Psicopatologia Geral Karl Jaspers -
Jaspers reserved explanation for causal, law-governed relationships—typically biological or neurophysiological processes. For example, the relationship between neurosyphilis and general paresis is one of explanation : lesions cause dementia. This knowledge is objective, verifiable, and universal.

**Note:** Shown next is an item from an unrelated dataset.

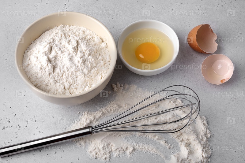 Подготовка к выпечке с мукой, яйцом и храмом

Critics (e.g., Berrios, Kendler) argue that Jaspers’ dichotomy is too rigid. Modern cognitive neuroscience shows that meaningful psychological processes are also embodied and causal. Predictive processing models of delusions, for instance, blur the line: a primary delusion may be formally incomprehensible yet neurocomputationally explainable. psicopatologia geral karl jaspers
In the early 1910s, academic psychiatry was dominated by two rival approaches: descriptive nosology (Kraepelin) and psychoanalysis (Freud). Jaspers, a philosopher turned psychiatrist, found both insufficient. Kraepelin accurately described syndromes but ignored the patient’s lived experience; Freud offered meaningful narratives but lacked methodological rigor. General Psychopathology emerged as a systematic attempt to clarify what we can know about mental illness, how we can know it, and what remains forever opaque. Critics (e
Jaspers’ General Psychopathology remains a masterwork of clinical methodology. It does not solve the mind-brain problem, nor does it provide a complete theory of mental disorder. Instead, it teaches humility: we must learn to understand what can be understood, to explain what can be explained, and to recognize when we have reached the limits of both. In an era of biomarker research and algorithmic diagnosis, Jaspers’ insistence on first-person experience is more urgent than ever. In the early 1910s, academic psychiatry was dominated
Despite critiques, Jaspers’ method is routinely taught in psychotherapy training. The distinction between understanding a patient’s response to illness (e.g., social withdrawal as meaningful) and explaining the core symptom (e.g., thought broadcasting as primary) prevents clinicians from over-psychologizing schizophrenia or under-psychologizing neurosis.